I'll keep your Randy in my thoughts and prayers this week and hope for good news. As far as the pre-op bloodwork, I also think you should do this before sedating him. This is required by our Toby's veterinarian before any sedation/surgery. 

It's good that Randy has not had any issues with sedation the last two times. Hopefully he will continue to tolerate anesthesia. He needs the surgery and he will feel much better with the lump and abcess removed and his teeth cleaned.


----------



## coppers-mom (Jan 9, 2009)

I always have a pre-op blood panel done. I don't know if it is optional or my vet just knows I would say of course do it! It is a good precaution in my opinion. Since Randy has tolerated it well 2X he should be fine, but a little precaution is not a bad thing (and not too expensive either).

I understand your fear and I know this week will be tough. Try to not let it overpower you and just spend time enjoying Randy. Hopefully the growth is benign and no problem at all. I'll keep you both in my thoughts and prayers.


----------



## k9mom (Apr 23, 2009)

Welcome to the forum. Our vet also insist on a pre-op blood panel done. A senior wellness exam is a good idea. This is how we found out our golden girl had high blood pressure which led to the kidney problem. By having the senior wewllness done we were able to get the kidney problem under control without any damage to her kidneys.


----------



## Rainheart (Nov 28, 2010)

I'd definitely do bloodwork. My vet requires bloodwork for ages 8 and over for surgery, so I'd get it done. 

I'll keep your pup in my thoughts. I'm sure he'll be fine, but just be sure to get that bloodwork out of the way before he goes under.


----------



## Maggies mom (Jan 6, 2006)

I agree with everyone about getting the blood work done first... Keeping you and Randy in my prayers.


----------



## Florabora22 (Nov 30, 2008)

Aw I'm sorry! The pictures in your signature are SOOOO cute. I hope everything comes out normal. I guarantee you your baby will be back to his happy self very soon after his surgery. Goldens jump back so quickly.


----------



## C's Mom (Dec 7, 2009)

Sending healing thoughts to your beautiful boy and fingers crossed that tests reveal it is nothing to worry about.


----------



## Randysmama (Feb 4, 2011)

Thanks so much everyone. I called the vet's office this morning and asked about the bloodwork. They said that they usually do bloodwork on elderly dogs who they think will have problems, but she said he can certainly have it done if I want. The vet himself should be calling me back hopefully sometime today. I don't recall him ever having bloodwork done at that office, but I could be wrong. I am just concerned that if it's so important, why didn't he mention it? This is an AHAA accredited vet hospital. Ugh, I hate having all these extra worries on top of everything else. :uhoh:

I asked my mom about it (she's an RN) and she doesn't recall any of our other goldens having pre-op bloodwork done before surgery, and we've lived in two states - California and Florida. 

Anyway, I will let you guys know what the vet says. Hopefully I can take him down and get it done today or tomorrow.


----------



## Karen519 (Aug 21, 2006)

*Randysmama*

I am sure Randy will be fine-I am sure your vet is more trustworthy than a mobile vet.
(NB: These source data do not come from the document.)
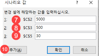 11. 시나리오 이름에 “최상의 경우”를 입력합니다. 12.변경 셀에 “C2, C3, C5”가 자동으로 입력되어 있는지 확인합니다. 13. [확인]을 클릭합니다.
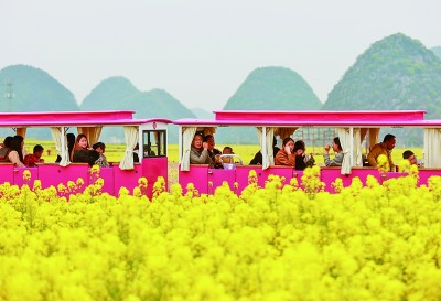 4月6日,在贵州省安顺市平坝区白云镇平元村,游客乘坐观光小火车在油菜花海中赏花游览。新华社发
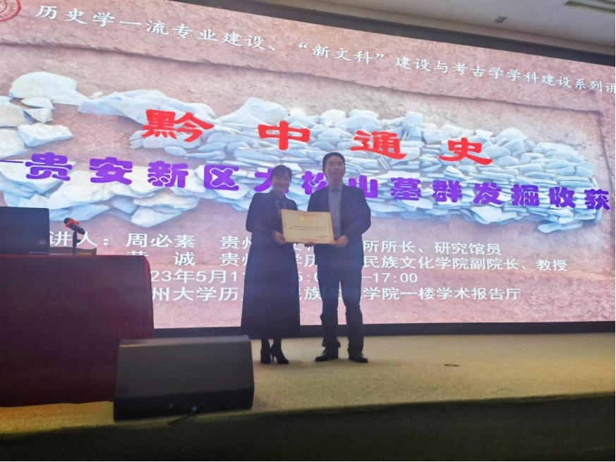 贵州省文物考古所所长、研究馆员周必素应邀莅临我校,为广大师生作了题为“黔中通史——贵安新区大松山墓群发掘收获”的学术讲座。本次活动得到了贵州省文物考古所、学习强国贵州学习平台、中国文物报、多彩贵州网等多家单位的协助和支持。全校二百余名师生到场并参与交流互动,讲座活动由贵州大学历史与民族文化学院副院长黄诚教授主持。
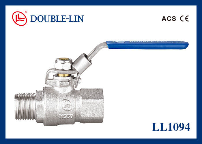 - Полный поток Мужчина x Женщина длинные нитки латунные замыкаемые шаровые клапаны с нержавеющей сталью плоской ручкой рычага.
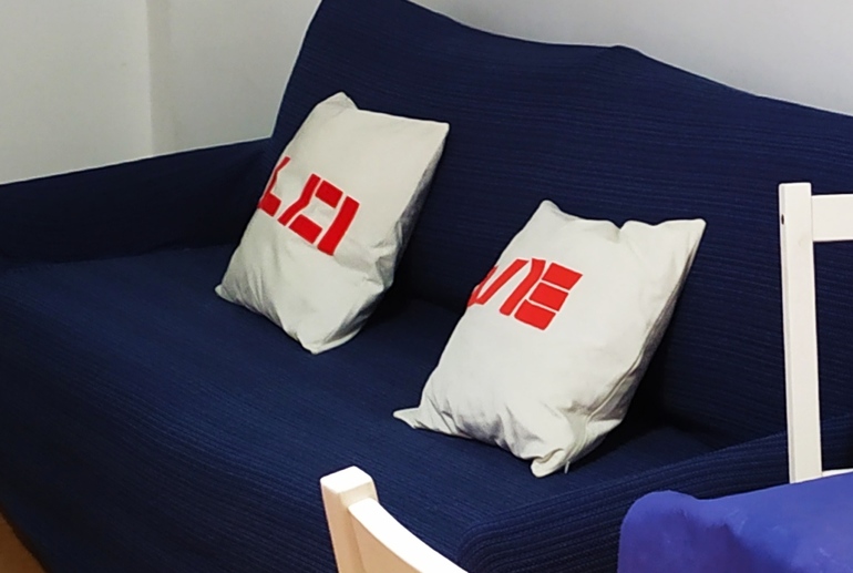 Задекорировала подушки словом love:
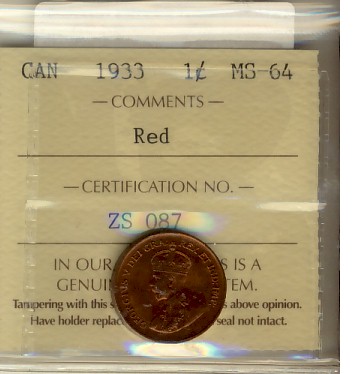 1933 1¢ ICCS MS64RD.

Ken and I always get the pre-op bloodwork done on our dogs, no matter what the age. I would get the bloodwork done.


----------



## Rainheart (Nov 28, 2010)

Randysmama said:


> Thanks so much everyone. I called the vet's office this morning and asked about the bloodwork. They said that they usually do bloodwork on elderly dogs who they think will have problems, but she said he can certainly have it done if I want. The vet himself should be calling me back hopefully sometime today. I don't recall him ever having bloodwork done at that office, but I could be wrong. I am just concerned that if it's so important, why didn't he mention it? This is an AHAA accredited vet hospital. Ugh, I hate having all these extra worries on top of everything else. :uhoh:
> 
> I asked my mom about it (she's an RN) and she doesn't recall any of our other goldens having pre-op bloodwork done before surgery, and we've lived in two states - California and Florida.
> 
> Anyway, I will let you guys know what the vet says. Hopefully I can take him down and get it done today or tomorrow.
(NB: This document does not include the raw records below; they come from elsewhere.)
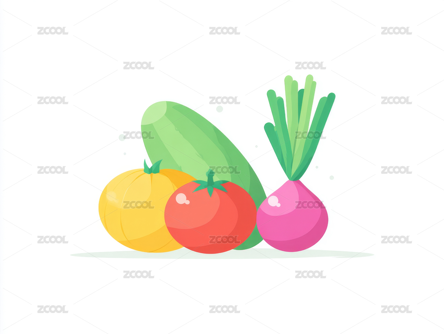 扁平插画风格 胡萝卜花椰菜洋葱番茄黄瓜
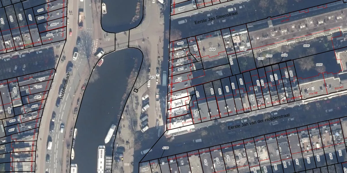 Het adres is gelegen op perceel 5525 in de sectie R en de kadastrale gemeente Amsterdam. De kadastrale aanduiding is aldus ASD14-R-5525. Het perceel is 303 m² groot. Dat is kleiner dan de gemiddelde perceeloppervlakte in Amsterdam, dat op 354,38 m² ligt. De grootste perceeloppervlakte in de kadastrale gemeente is 9,9 ha. De kleinste oppervlakte bedraagt 0 m². Er zijn 8 adressen aanwezig op het perceel. De laatste wijziging in het de Basisregistratie Kadaster (BRK) was op 06-10-2006.
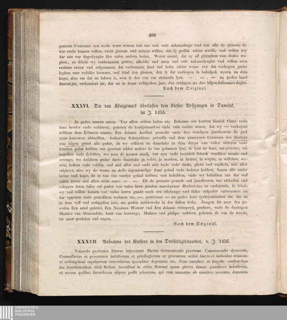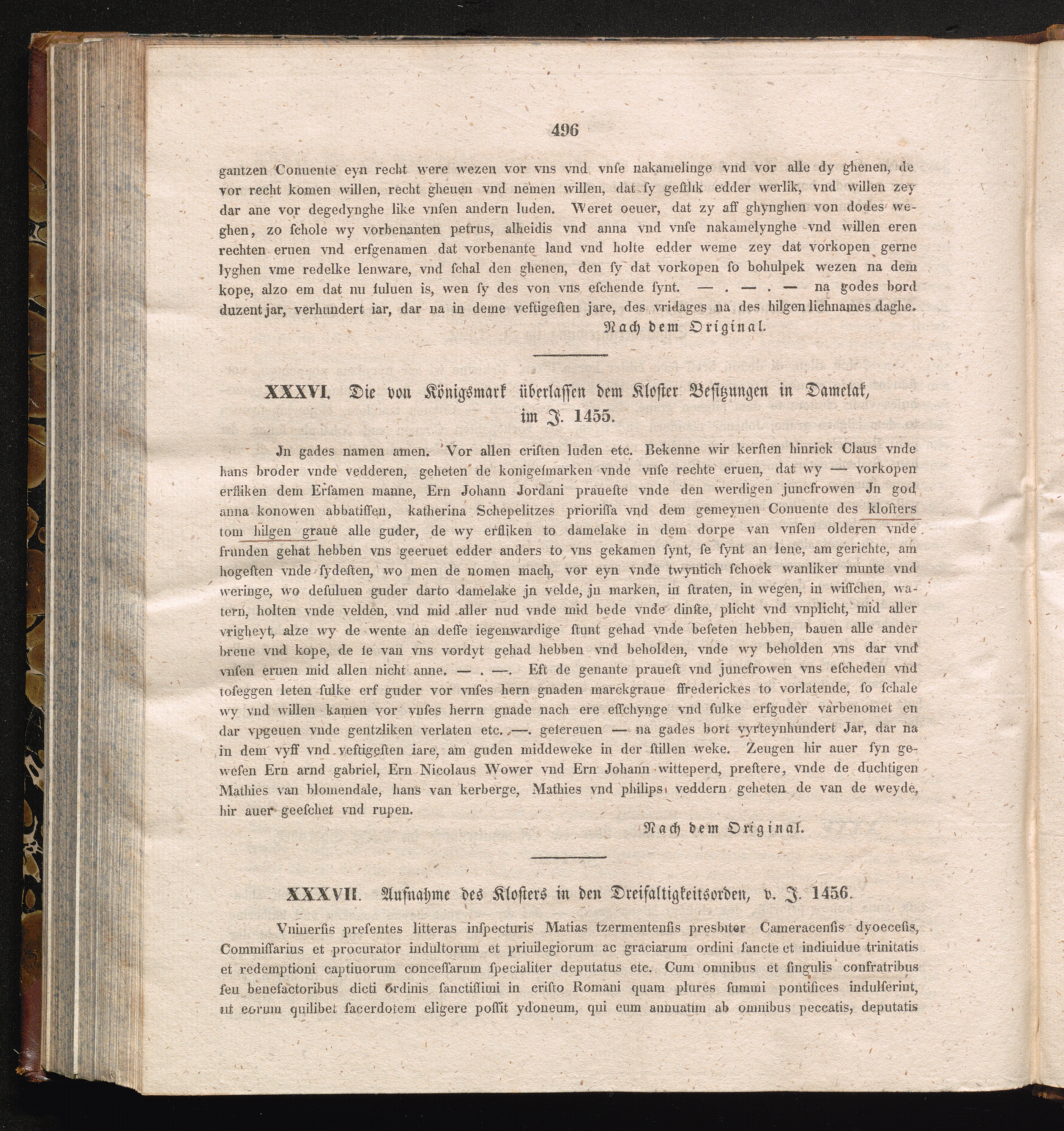 XXXVII. Aufnahme des Klosters in den Dreifaltigkeitsorden, v. J. 1456.
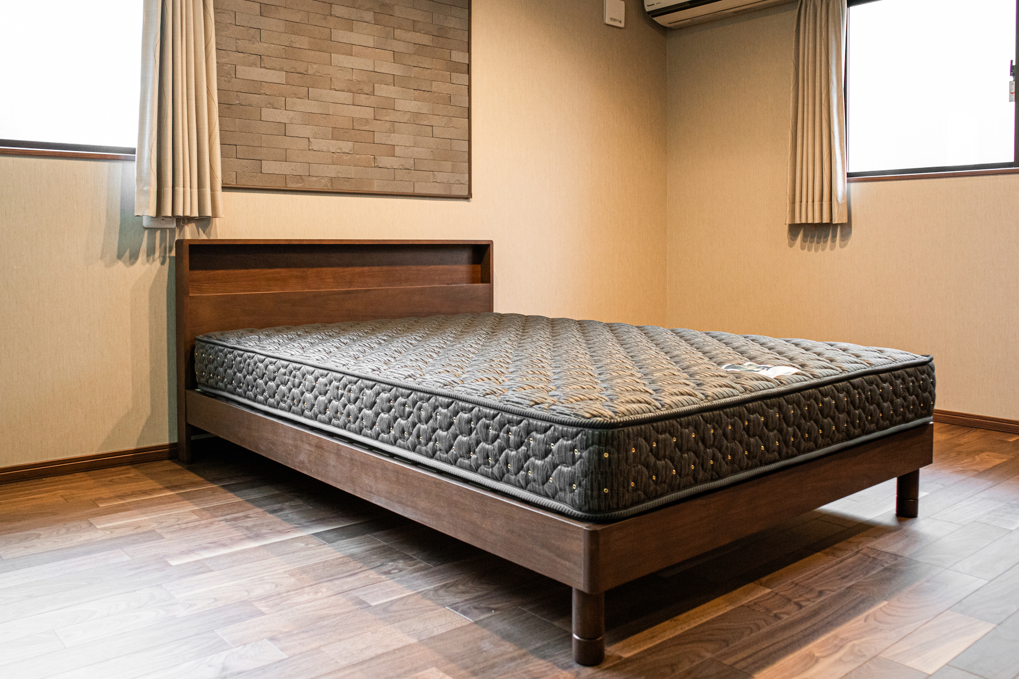 ブラックウォールナット材のベッドをお届けしました。広々とした寝室に合わせてダブルサイズをお選びいただきました。ヘッドボードにはコンセントも設けてあり、機能性もばっちりです。ブラックウォールナットの高級感が、デザインウォールの質感とも良く似合っていますね!
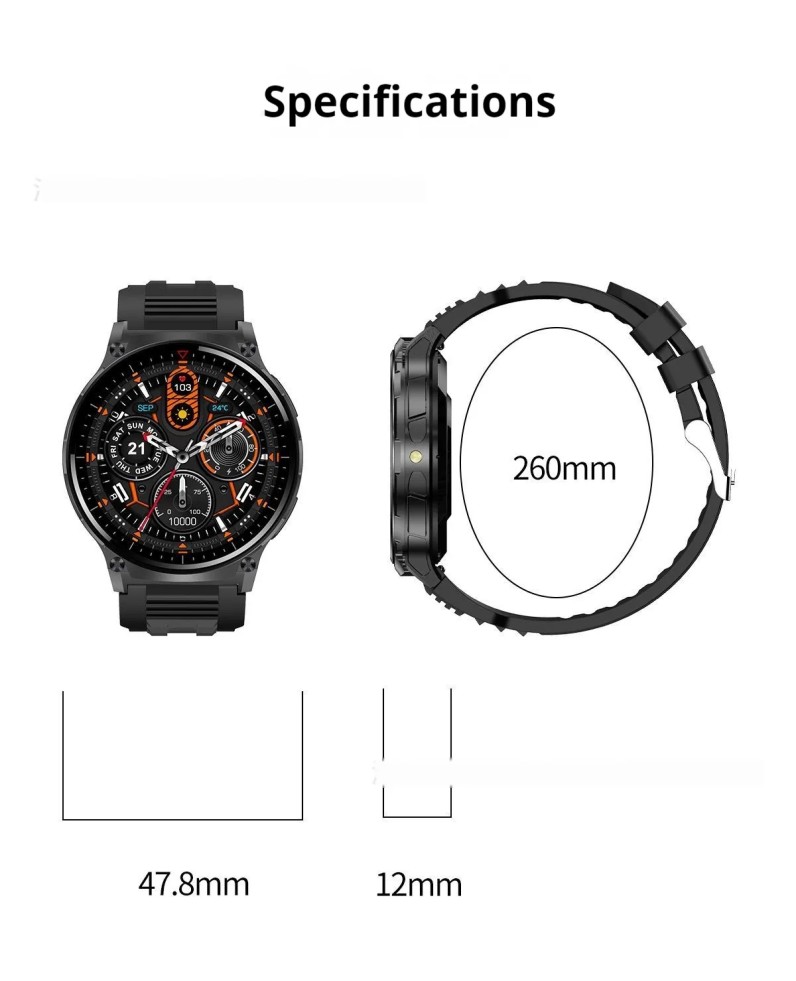 Built to withstand the rigors of outdoor activities, this smart watch offers precise monitoring of your health, fitness, and environmental conditions. It comes equipped with an array of sensors that track heart rate, blood oxygen levels, sleep patterns, calories burned, and even your stress levels. Its rugged design ensures durability, while its lightweight construction offers a comfortable wearing experience, perfect for both everyday use and extreme sports.
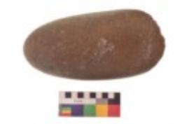 | Description / विवरण | Specimen of a roughly oval shaped saddle quern. It is brownish in colour and smooth in texture. It is roughly round in cross section. |

Some vets have different standards, so it just depends on the practice. The vet I work for is also an AAHA accredited hospital and as I said above we require bloodwork for patients 8 and over for surgeries. People don't like it but we've often found early liver or kidney disease in some of these pets and we can get them treated early. It's always a good idea to do and have peace of mind as well.


----------



## Bud Man Bell (Feb 25, 2007)

Prayers coming from Ga for your sweet boy. I'm sure he will come through with out any problems.
Bonnie&Buddy


----------



## Sweet Girl (Jun 10, 2010)

Hope everything goes well for your guy. 

I would also vote for the bloodwork. It's helpful especially if your dog needs to be put on any meds after the surgery, whether for pain or anything else. The bloodwork will let the vet know whether his organs can handle the drugs.


----------



## GoldenCamper (Dec 21, 2009)

Good thoughts and prayers sent for Randy man and you too. You should most definitely have pre-op blood work done, especially with a senior. Some of us have a senior wellness test (CBC, urinalysis, T4, heartworm, perhaps a superchem, etc.) done on our senior guys and gals twice a year anyway. 

Some vets will also want to do a chest xray for pre-op on seniors, but usually only if they think they hear a problem or they have excessive panting for no good reason.
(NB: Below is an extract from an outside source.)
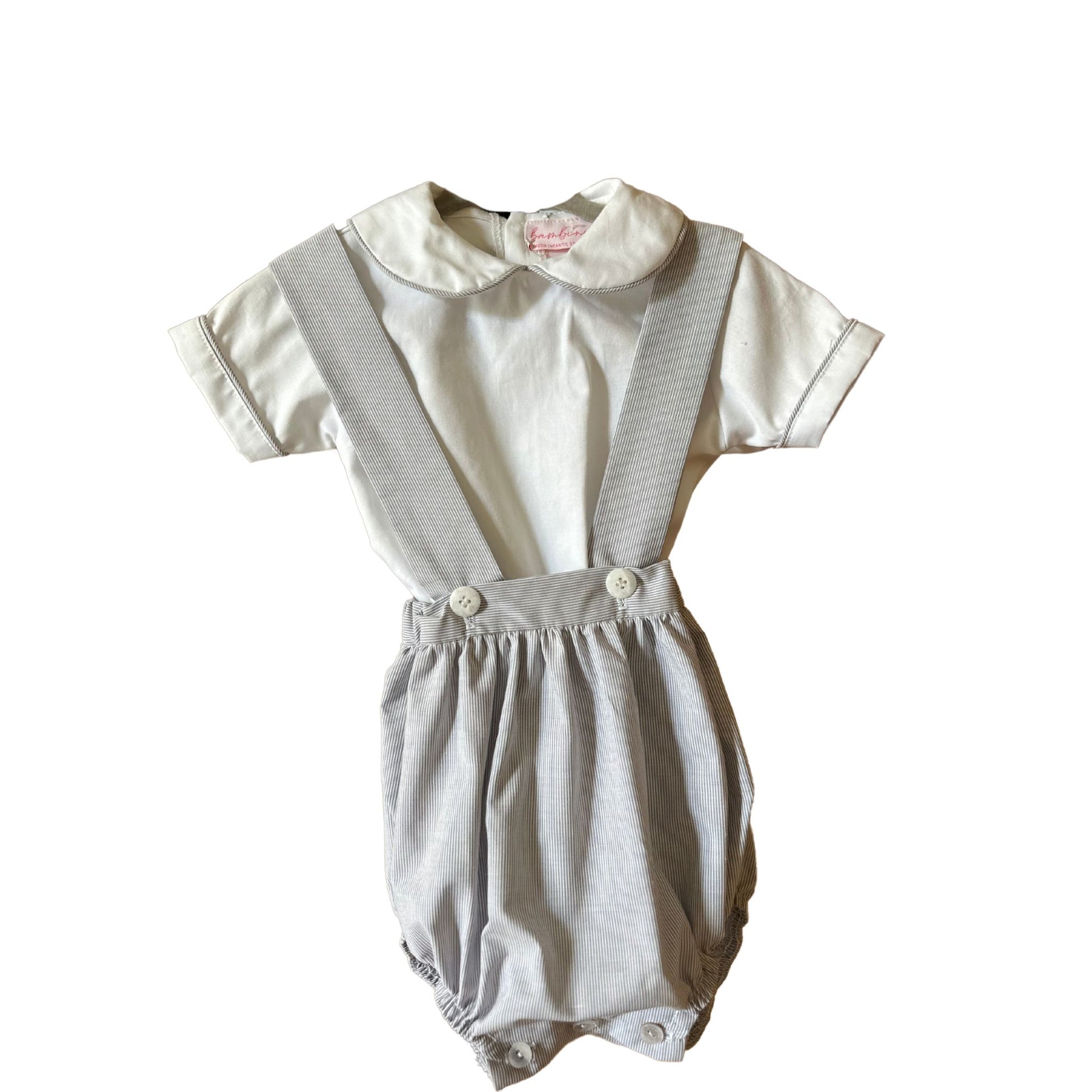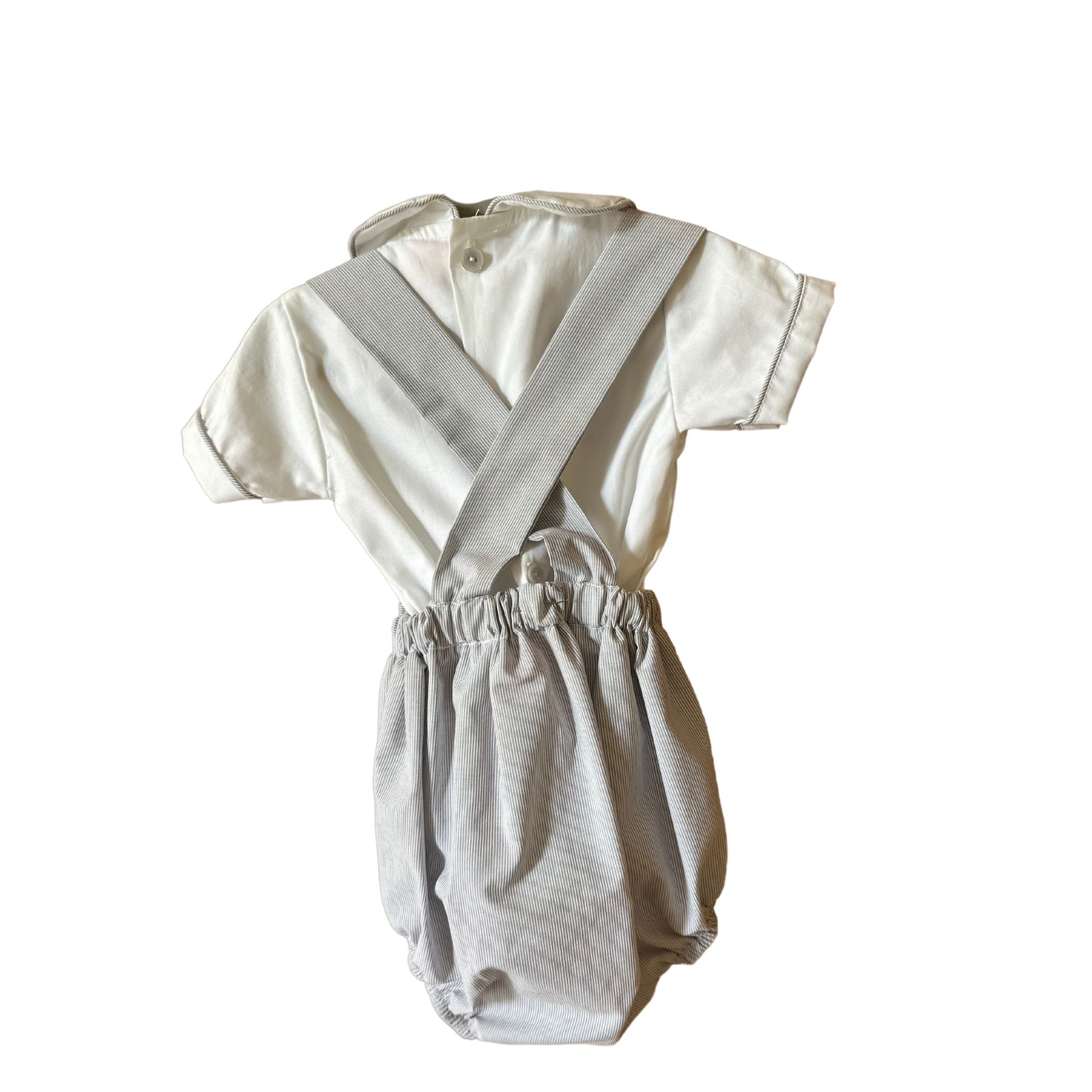 Conjunto adorable para bebés en tonos gris. Este trajecito incluye short con tirantes y una camisa a juego, perfectos para cualquier ocasión. Hecho con materiales cómodos y de alta calidad para mantener a tu pequeño elegante y confortable todo el día.

Tucker had a very rare spontaneous pneumothorax (lung collapse) when he was 12yrs 3 months. I asked how we could have ever known it might have happened and she said have chest xrays done every month, yeah right.

My point is stuff goes on inside our friends that we are clueless about so blood work before surgery is just a given to me.

My 8 yr old Fiona had a cyst removed in November and had pre-op blood work, but no chest xray. She did very well.

I wish you guys the best.


----------



## Randysmama (Feb 4, 2011)

The vet hasn't called me back yet...should I wait a little longer and then call again? Should I just call and say I want to come in asap and have the bloodwork done? Does anyone know how long it takes to get the results back? I hope there is still time before Friday and they test the bloodwork in house. :uhoh:


----------



## coppers-mom (Jan 9, 2009)

I don't know why it isn't automatic. I've had it done every time adn it has been many, many times with seniors and also not so senior dogs.


----------



## GoldenCamper (Dec 21, 2009)

By all means give them a call, a tech can always do a blood draw anytime without you paying for a vet visit, had done that plenty of times.


----------



## Randysmama (Feb 4, 2011)

GoldenCamper said:


> By all means give them a call, a tech can always do a blood draw anytime without you paying for a vet visit, had done that plenty of times.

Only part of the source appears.